Pietro Roccasalva was born in Modica in 1970. After moving to chaotic Milan, he graduated from the Accademia di Belle Arti di Brera. In 2002, he participated in the Visual Arts Course at the Antonio Ratti Foundation in Como, where he studied under Giulio Paolini, a key figure in the Arte Povera movement.
Using various media such as sculpture, video, performance, and digital reproduction, Roccasalva creates tableau vivant within a space. Captured in photographs, these tableaux serve as the foundation for a painting that will be featured in the subsequent exhibition, generating further photographic material for the next painting, and so on. This process narrates a story that seemingly has no end.

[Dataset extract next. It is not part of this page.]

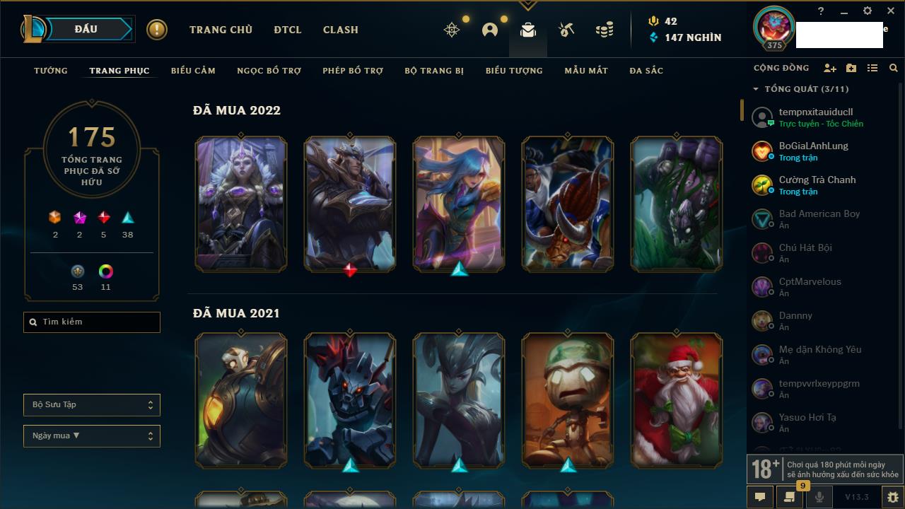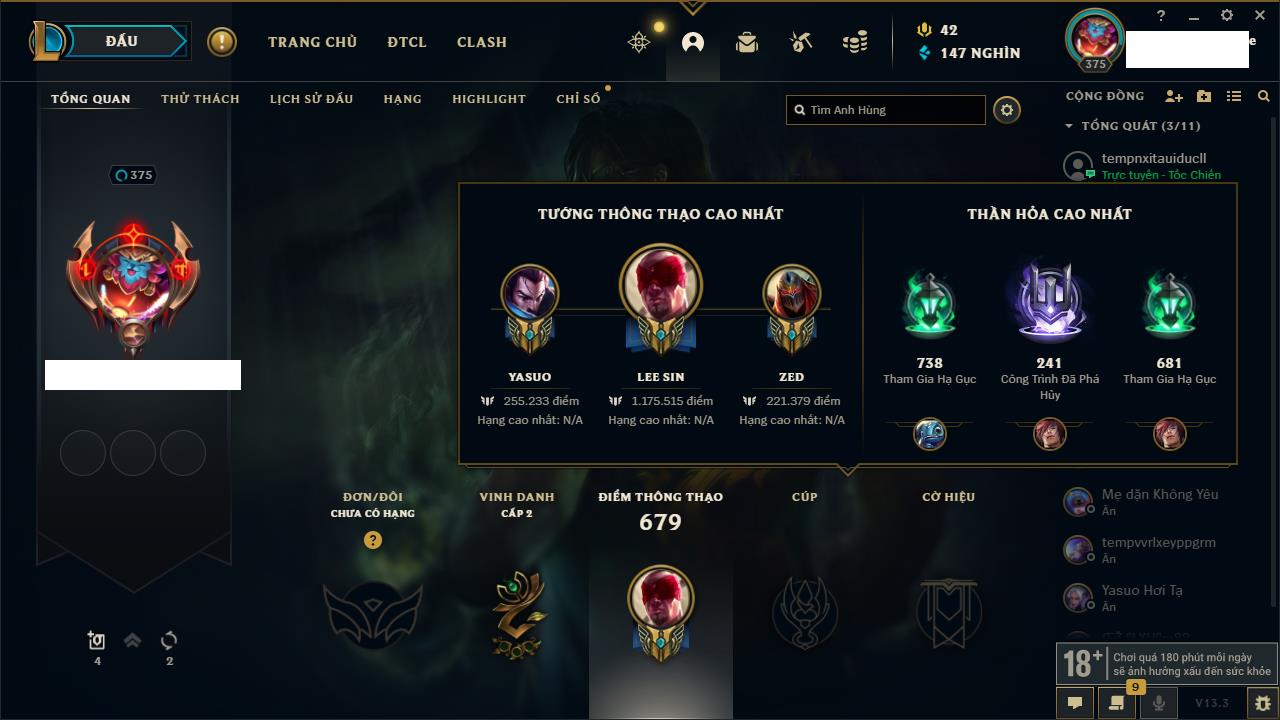 Rank Đơn: Đồng IKhung: ĐồngTướng: 168 - Còn 11447 THXTrang Phục: 245Rank ĐTCL: Chưa RankLinh Thú: 53

The artist states, "These are a series of projects in which one or more paintings conceptualize a situation; what arises from this, and what results in various exhibition contexts, can be defined as a situational artwork."
His works feature women with seemingly angelic faces, men with demonic gazes, still lifes created with living bodies, church domes transformed into juicers, owls disguised as parrots, and skull-shaped bread. These are the protagonists that animate the theatrical "staged scenes" of a Sicilian painter who dreamed of becoming a football player as a child. When asked how painting can survive in the face of new technologies, he responds, "It survives just like an athletics race or a football match. It is an immediate performance, like any other physiological need."